Не получив из рассказа Керенского материала по особо интересующим меня сторонам дела, я предпринял безнадежные попытки осветить самому себе вопрос путем активного вмешательства, путем прямых и косвенных расспросов. Сам Керенский, конечно, мог иметь соответствующий материал в результате своего непрерывного общения с различными думскими кругами. Однако из моих попыток ничего не вышло, кроме недоразумения, показавшего, что для Керенского, как и для некоторых из присутствующих, поддержавших его, моя постановка вопросов и проблема о будущей власти кажутся никчемными и, во всяком случае, несвоевременными, не относящимися к делу. Я столкнулся с тем же настроением моих собеседников, с каким сталкивался и вчера у представителей левых (циммервальдских) групп, с какими сталкивался и впоследствии, до самого момента образования первой революционной власти.

Керенский принял обычный в разговоре со мной полемический тон и скоро начал сердиться, так что я предпочел прекратить беседу, не вызывавшую достаточного интереса у присутствующих.

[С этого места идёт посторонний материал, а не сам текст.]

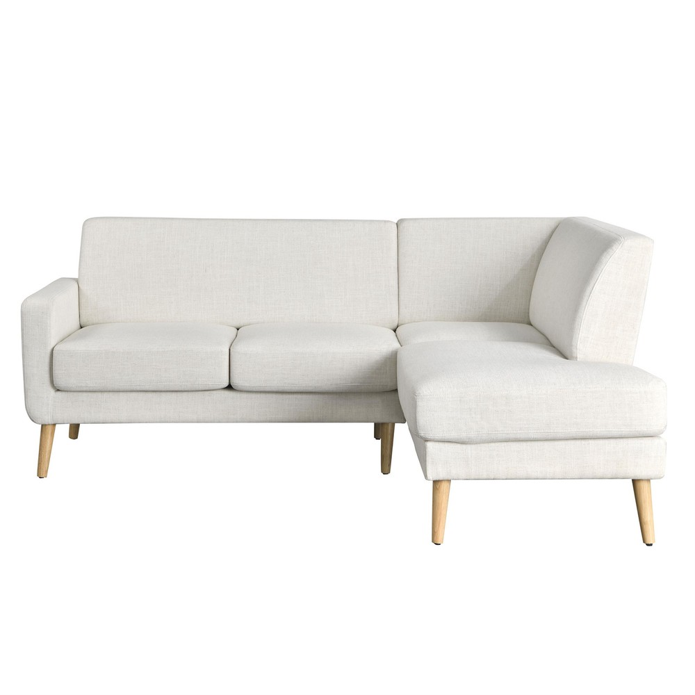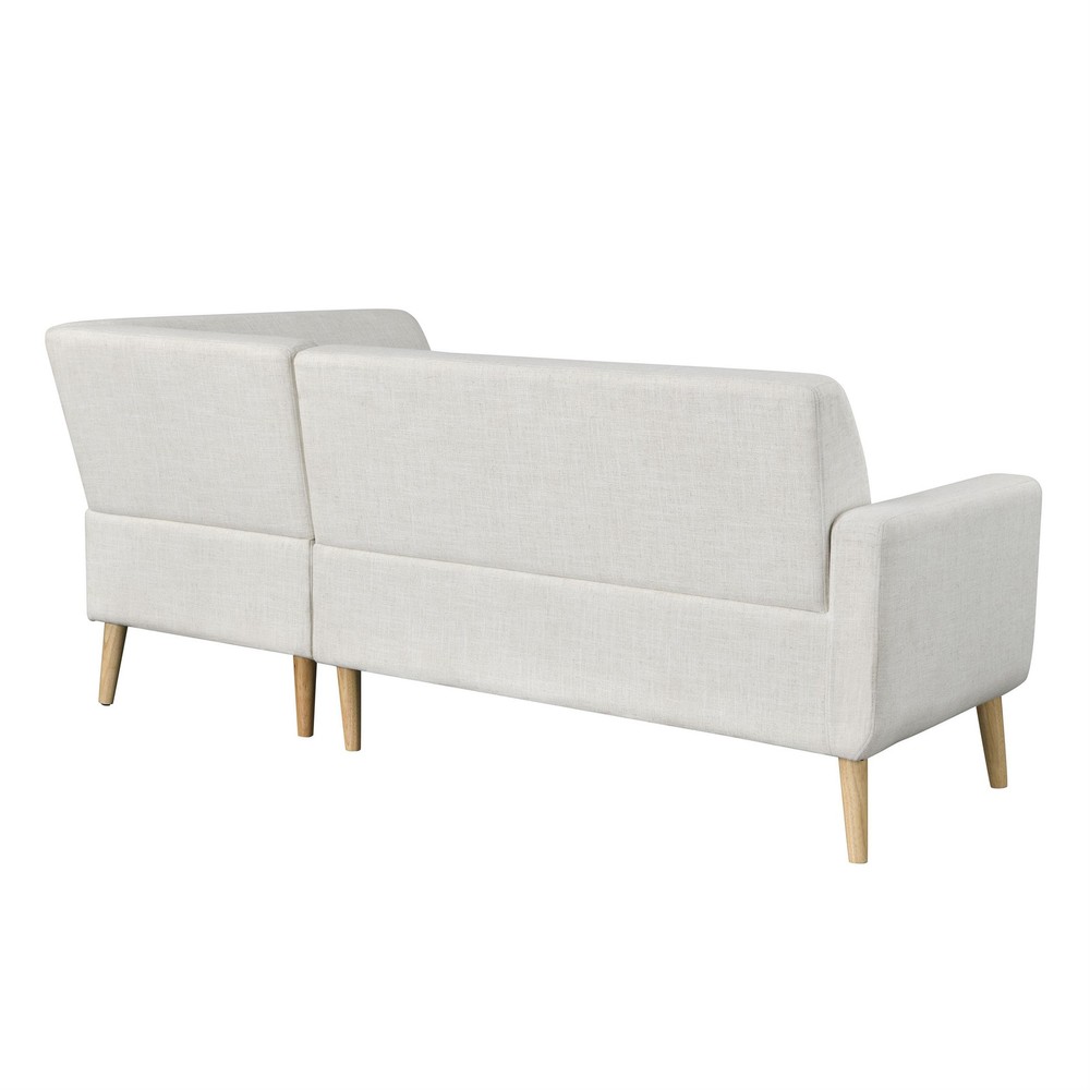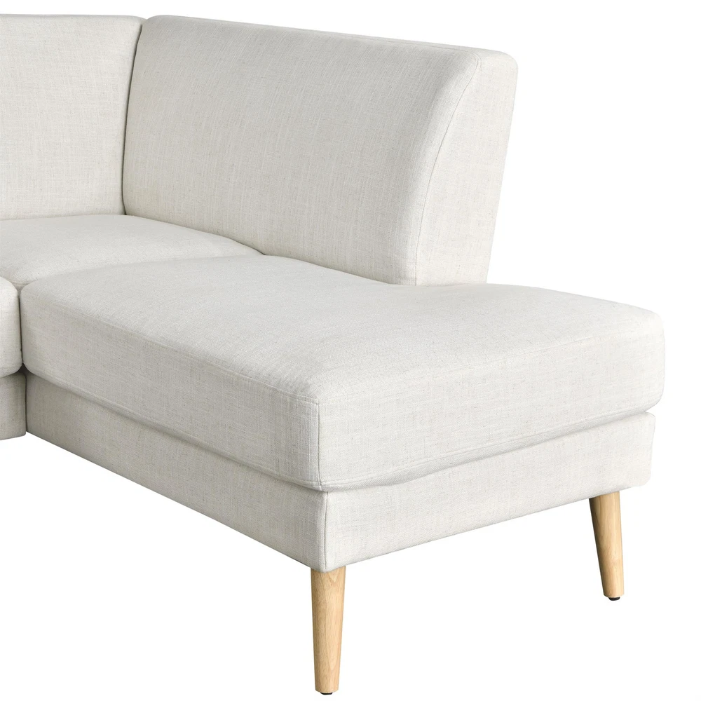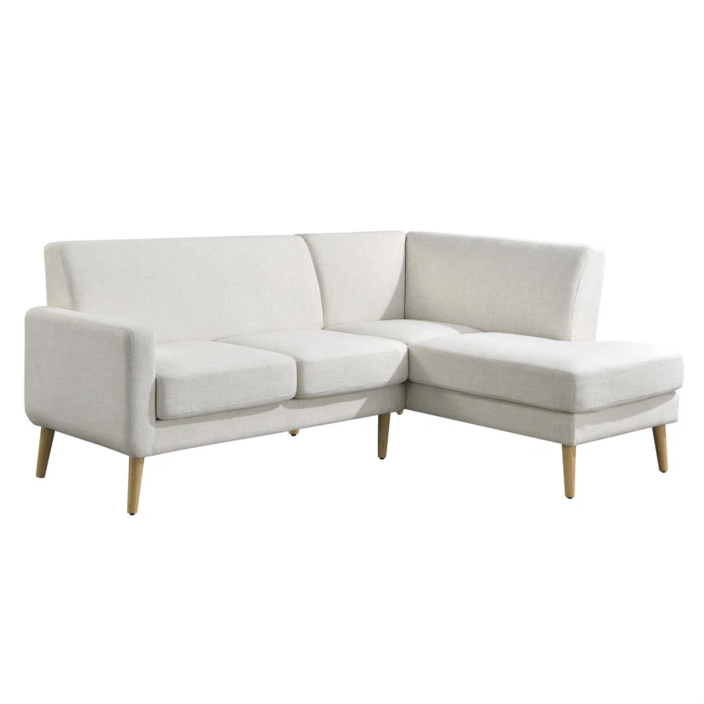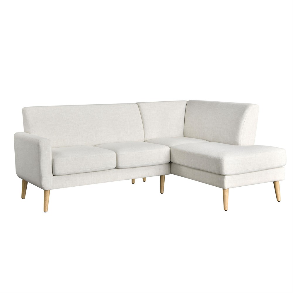 Introducing the Solano Bumper Sectional Sofa, a perfect blend of durability and comfort. This sofa features a kiln-dried solid hardwood frame and sturdy rubber wood legs, ensuring long-lasting support. With pocket coils and high-density foams, it provides exceptional comfort. The removable seat and back cushions add versatility and ease of maintenance, while the quality cream fabric upholstery offers a touch of elegance to any living space. Features: Kiln-dried solid hardwood frame for durability Sturdy rubber wood legs Pocket coils and high-density foams for superior comfort Removable seat and back cushions for easy maintenance Lovesesat and chaise sectional Easy tooless assembly Specifications: Sectional Dimensions: 83.5" W x 63.4" D x 35.4" H Seat Dimensions: 102.7" W x 21.7" D x 19.7" H Arm Height: 25.4" Arm Width: 4.7"

В квартиру Н. Д. Соколова приходили новые люди и приносили совпадающие между собой известия о небывало грандиозном движении на улицах. Центральные части представляли собой сплошной митинг, причем население как будто особенно тяготело к Знаменской площади. Там с подножия памятника Александру III ораторы левых партий говорили непрерывно и совершенно беспрепятственно. Основным лозунгом было по-прежнему «Долой войну!», которая наряду с самодержавием толковалась как источник всех бедствий, и, в частности, продовольственной разрухи.

Вместе с тем сообщения говорили о растущем разложении среди полиции и войск. Полицейские и казачьи части в большом количестве разъезжали и расхаживали по улицам, медленно пробираясь среди толп. Но никаких активных действий не предпринимали, чрезвычайно поднимая этим настроение манифестантов. Полиция и войска ограничивались тем, что отбирали красные знамена в тех случаях, когда это было технически удобно и не обещало свалки.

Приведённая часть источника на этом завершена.